TASK PROMPT ▸ An exact copy of the records is required, minus the pictures they hold.

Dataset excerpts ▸
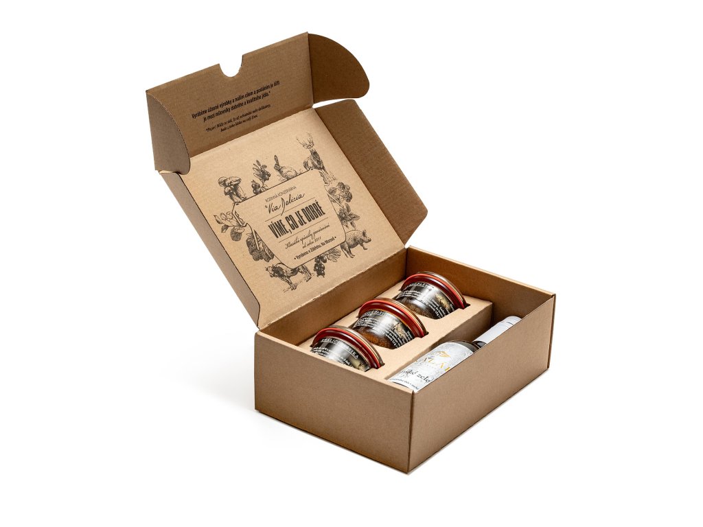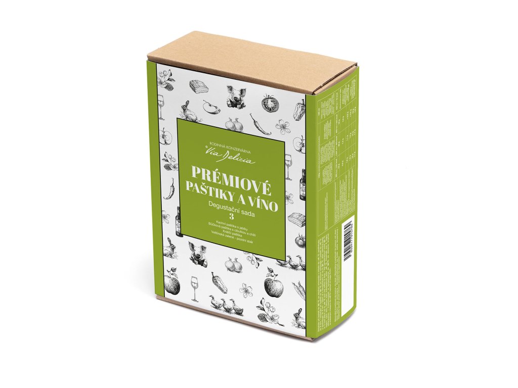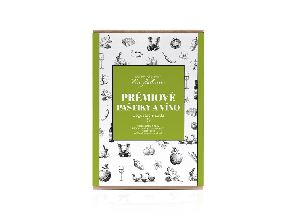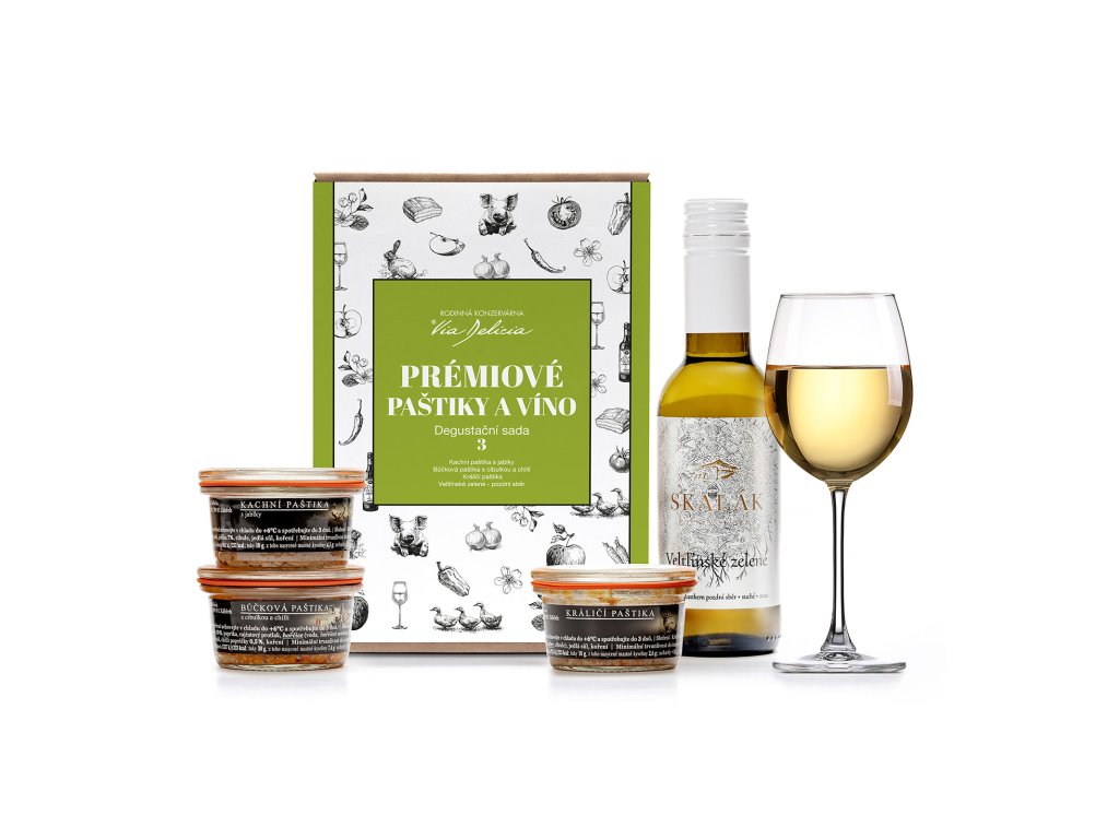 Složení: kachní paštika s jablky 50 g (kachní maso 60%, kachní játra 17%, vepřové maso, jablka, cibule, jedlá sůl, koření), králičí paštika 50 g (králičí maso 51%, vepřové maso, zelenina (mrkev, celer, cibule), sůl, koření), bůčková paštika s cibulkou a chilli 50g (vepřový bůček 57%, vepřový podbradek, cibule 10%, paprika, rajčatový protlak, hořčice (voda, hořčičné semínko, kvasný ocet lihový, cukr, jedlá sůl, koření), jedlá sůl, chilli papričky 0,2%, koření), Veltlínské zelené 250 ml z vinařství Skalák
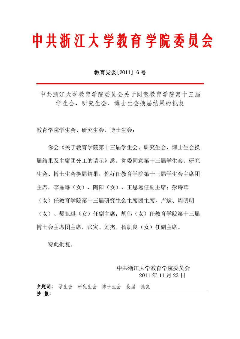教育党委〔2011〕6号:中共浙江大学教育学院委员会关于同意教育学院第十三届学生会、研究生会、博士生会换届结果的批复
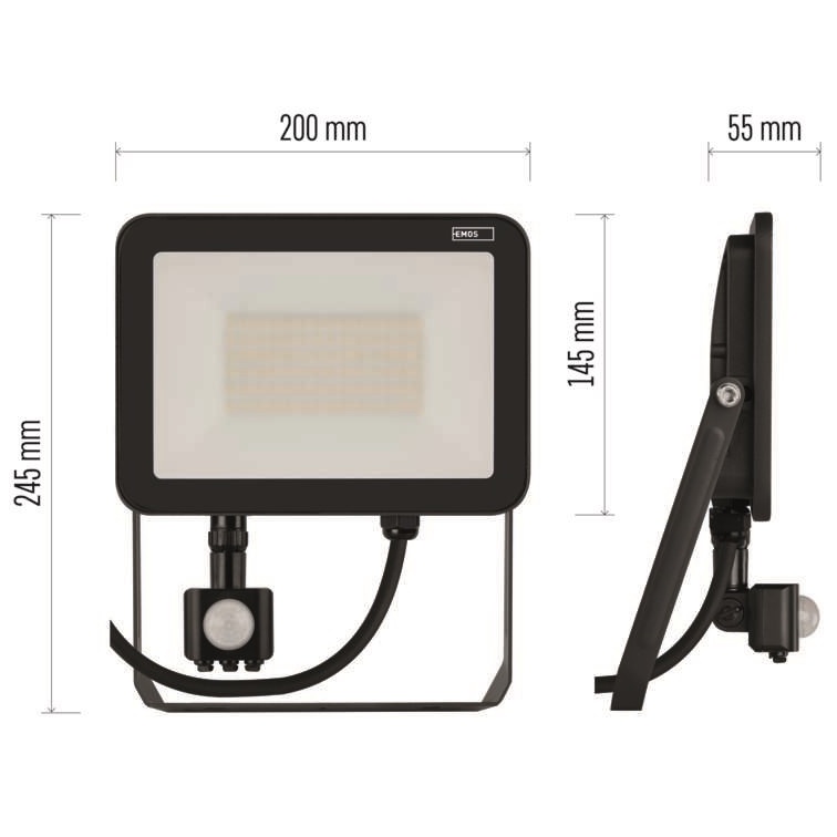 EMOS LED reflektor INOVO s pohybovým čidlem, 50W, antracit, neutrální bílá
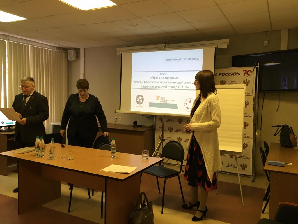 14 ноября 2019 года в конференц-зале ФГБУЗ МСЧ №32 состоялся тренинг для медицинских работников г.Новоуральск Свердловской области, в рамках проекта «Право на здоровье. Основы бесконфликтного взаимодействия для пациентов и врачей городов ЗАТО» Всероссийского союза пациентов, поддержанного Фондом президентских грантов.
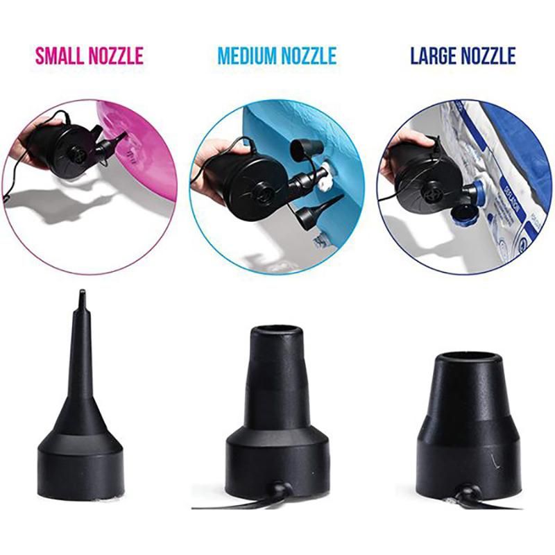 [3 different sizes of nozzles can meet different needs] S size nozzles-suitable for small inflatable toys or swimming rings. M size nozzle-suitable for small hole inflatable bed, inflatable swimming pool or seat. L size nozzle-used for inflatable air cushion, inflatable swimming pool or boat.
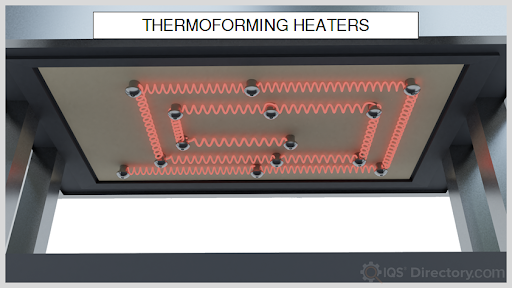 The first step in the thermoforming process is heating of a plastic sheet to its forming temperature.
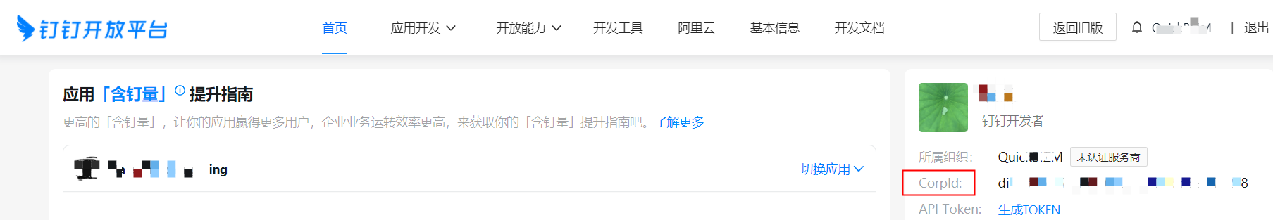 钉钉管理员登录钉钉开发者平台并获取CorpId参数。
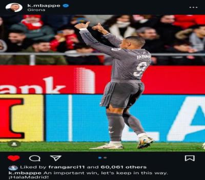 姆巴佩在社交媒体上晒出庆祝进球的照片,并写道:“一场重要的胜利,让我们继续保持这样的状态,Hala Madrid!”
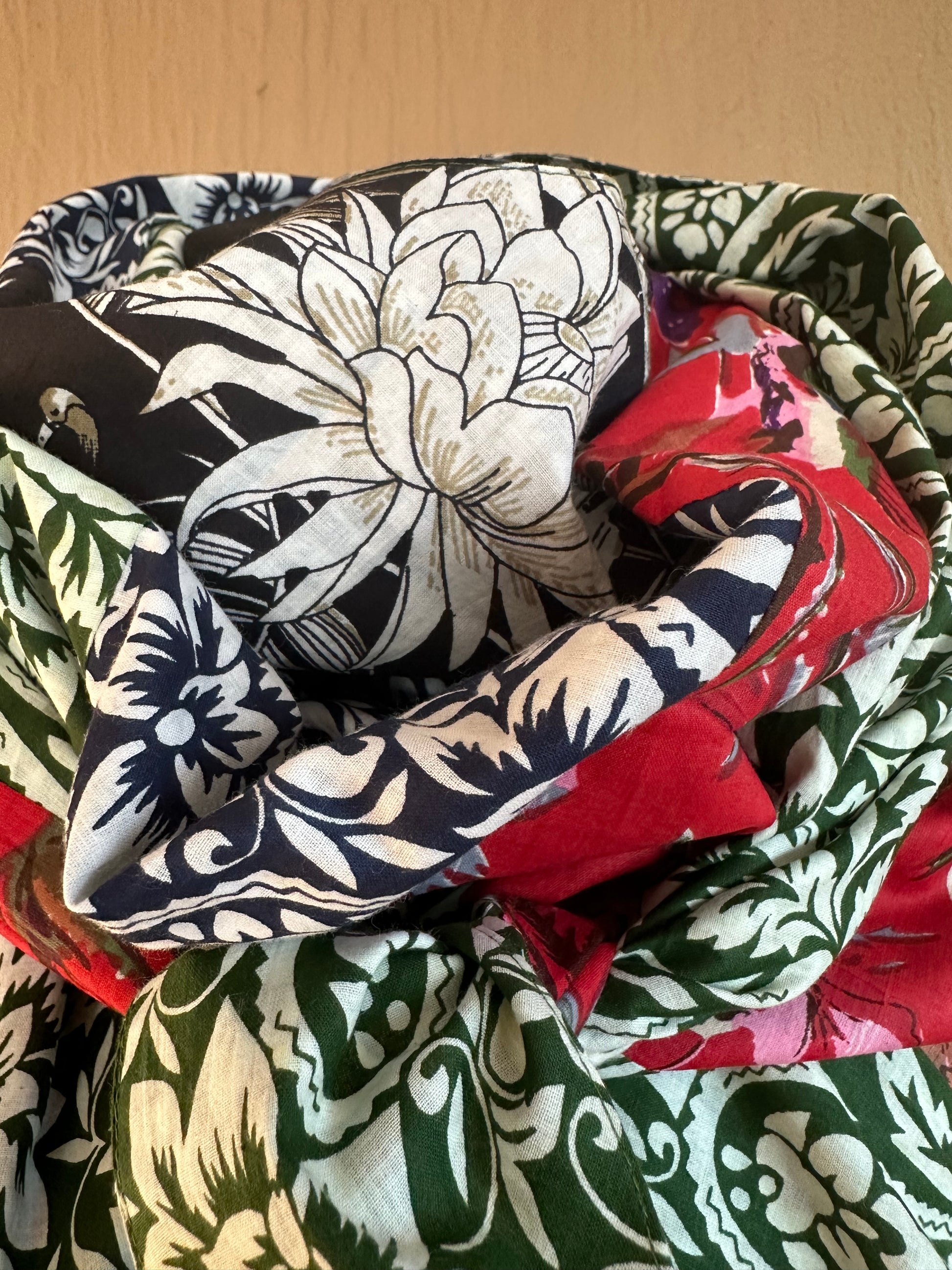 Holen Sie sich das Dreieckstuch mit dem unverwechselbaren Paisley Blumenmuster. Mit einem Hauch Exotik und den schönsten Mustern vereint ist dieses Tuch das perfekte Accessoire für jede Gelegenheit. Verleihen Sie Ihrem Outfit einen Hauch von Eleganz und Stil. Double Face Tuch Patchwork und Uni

WRITTEN RESPONSE ▸
 Složení: kachní paštika s jablky 50 g (kachní maso 60%, kachní játra 17%, vepřové maso, jablka, cibule, jedlá sůl, koření), králičí paštika 50 g (králičí maso 51%, vepřové maso, zelenina (mrkev, celer, cibule), sůl, koření), bůčková paštika s cibulkou a chilli 50g (vepřový bůček 57%, vepřový podbradek, cibule 10%, paprika, rajčatový protlak, hořčice (voda, hořčičné semínko, kvasný ocet lihový, cukr, jedlá sůl, koření), jedlá sůl, chilli papričky 0,2%, koření), Veltlínské zelené 250 ml z vinařství Skalák
教育党委〔2011〕6号:中共浙江大学教育学院委员会关于同意教育学院第十三届学生会、研究生会、博士生会换届结果的批复
 EMOS LED reflektor INOVO s pohybovým čidlem, 50W, antracit, neutrální bílá
 14 ноября 2019 года в конференц-зале ФГБУЗ МСЧ №32 состоялся тренинг для медицинских работников г.Новоуральск Свердловской области, в рамках проекта «Право на здоровье. Основы бесконфликтного взаимодействия для пациентов и врачей городов ЗАТО» Всероссийского союза пациентов, поддержанного Фондом президентских грантов.
 [3 different sizes of nozzles can meet different needs] S size nozzles-suitable for small inflatable toys or swimming rings. M size nozzle-suitable for small hole inflatable bed, inflatable swimming pool or seat. L size nozzle-used for inflatable air cushion, inflatable swimming pool or boat.
 The first step in the thermoforming process is heating of a plastic sheet to its forming temperature.
 钉钉管理员登录钉钉开发者平台并获取CorpId参数。
 姆巴佩在社交媒体上晒出庆祝进球的照片,并写道:“一场重要的胜利,让我们继续保持这样的状态,Hala Madrid!”
 Holen Sie sich das Dreieckstuch mit dem unverwechselbaren Paisley Blumenmuster. Mit einem Hauch Exotik und den schönsten Mustern vereint ist dieses Tuch das perfekte Accessoire für jede Gelegenheit. Verleihen Sie Ihrem Outfit einen Hauch von Eleganz und Stil. Double Face Tuch Patchwork und Uni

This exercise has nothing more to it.